We will discuss the concept of dependence in a lot more depth in the subsequent posts. The important point to consider for now is that serial code always appears in a certain execution order. However, the execution order given in a serial program does not necessarily impose a constraint on the program. It is often possible to relax the given ordering, and this is in fact how automation tools and compilers find parallelism in the code. If it is possible to reorder iterations in a loop (without affecting the final result), it is possible to distribute the iterations on different processing units.
You might be wondering, “why does he keep referring to parallel for-loops?” In most numerical algorithms used in scientific computing, for-loops comprise the most compute intensive segments of the code. It is often the case that larger datasets, as well as more finely grained meshes, both result in a larger number of loop iterations. E.g., in Monte Carlo algorithms, more iterations result in better convergence. Similarly, in Finite Element based codes, the more fine grained the mesh, the better the results, and the larger the number of iterations required. As the number of iterations increase with problem size, more parallelism is generated. Therefore, more parallel compute resources can be utilized for larger problems.
Nevertheless, a for-loop is not the only place in a serial program where one can find parallelism. Many simulations consist of multiple different algorithms that can execute independently of each other. In a simulation which consists of two such independently executable segments, one might consider executing them on two separate processing units. The problem with such a parallelization strategy is that the amount of parallelism in this case is constant, i.e., no matter how large the dataset, or how fine grained the mesh, the number of processes will always be two. This is a severe limitation, and is therefore not considered a good strategy.

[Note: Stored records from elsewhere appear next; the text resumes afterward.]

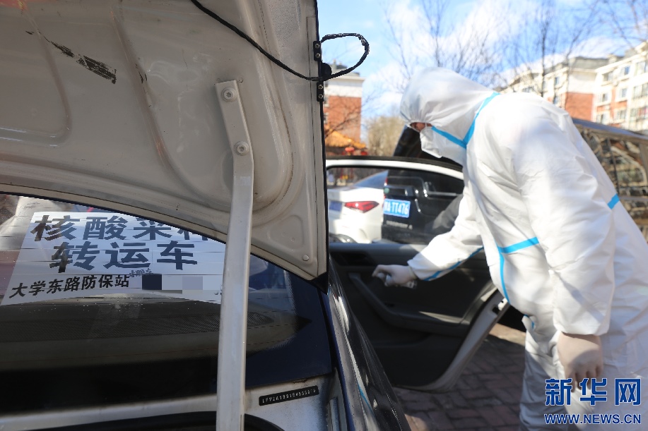 2月15日,新冠肺炎疫情突襲呼和浩特,籍東斌和同事們響應(yīng)號召成為志愿者,負(fù)責(zé)核酸檢測樣本轉(zhuǎn)運(yùn)工作。新華網(wǎng)發(fā) 李倩攝
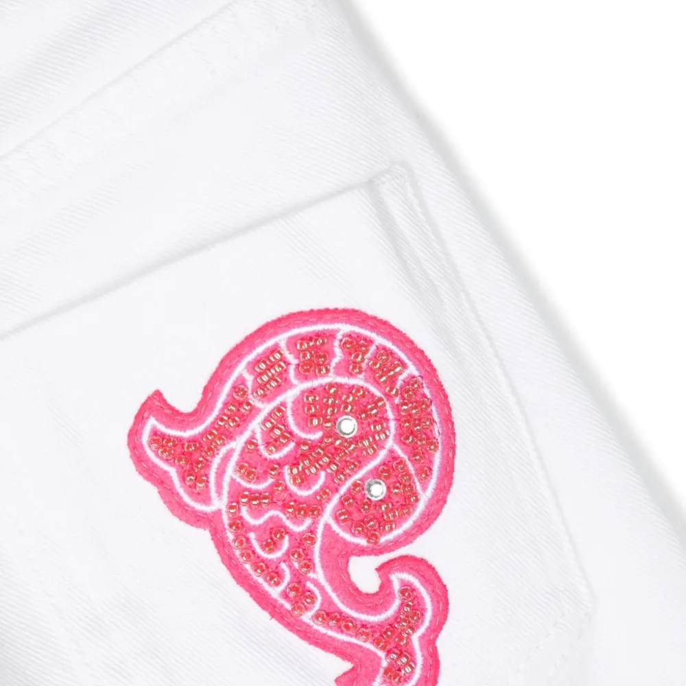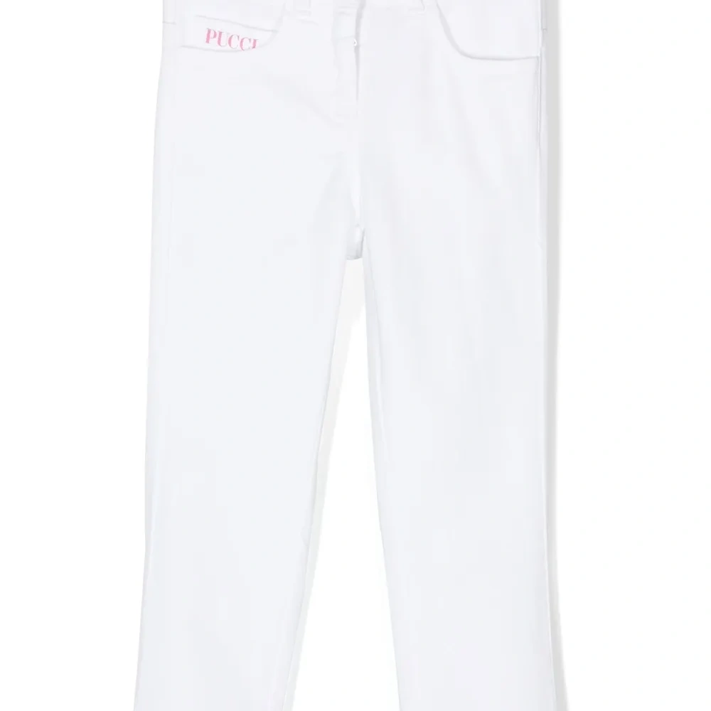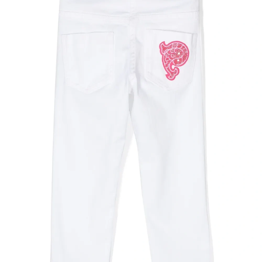Белый, смесовый хлопок, узкий крой, нашивка с логотипом сзади, потайная застежка на молнии и пуговицах и пять карманов.
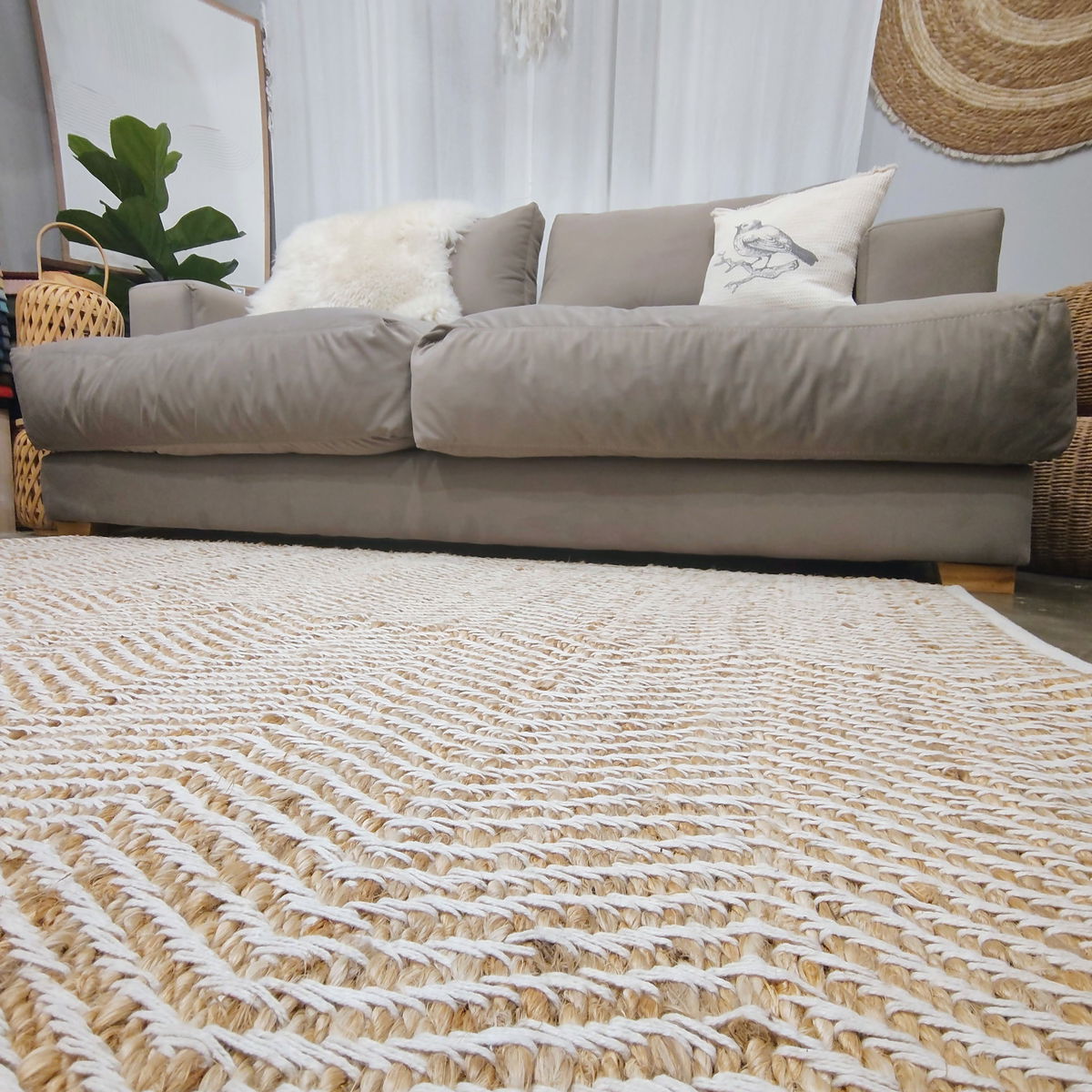 🌾 Material: Yute trenzado + algodón blanco

We’ll stop here today, and continue next time with a more formal treatment of the concept of dependence. We will also look into memory hierarchies in modern architectures, and the role ‘locality’ plays in performance optimization. Finally, we’ll see how dependence theory is not only used to find parallelism, but is also used to optimize for locality.
Note: The mathematical concepts we will use in the subsequent posts are from the fields of Linear Algebra and Integer Linear Programming. We will also use the concepts of Partial Ordering and Total Ordering. My intention is to provide a simplified introduction to these concepts in the corresponding posts.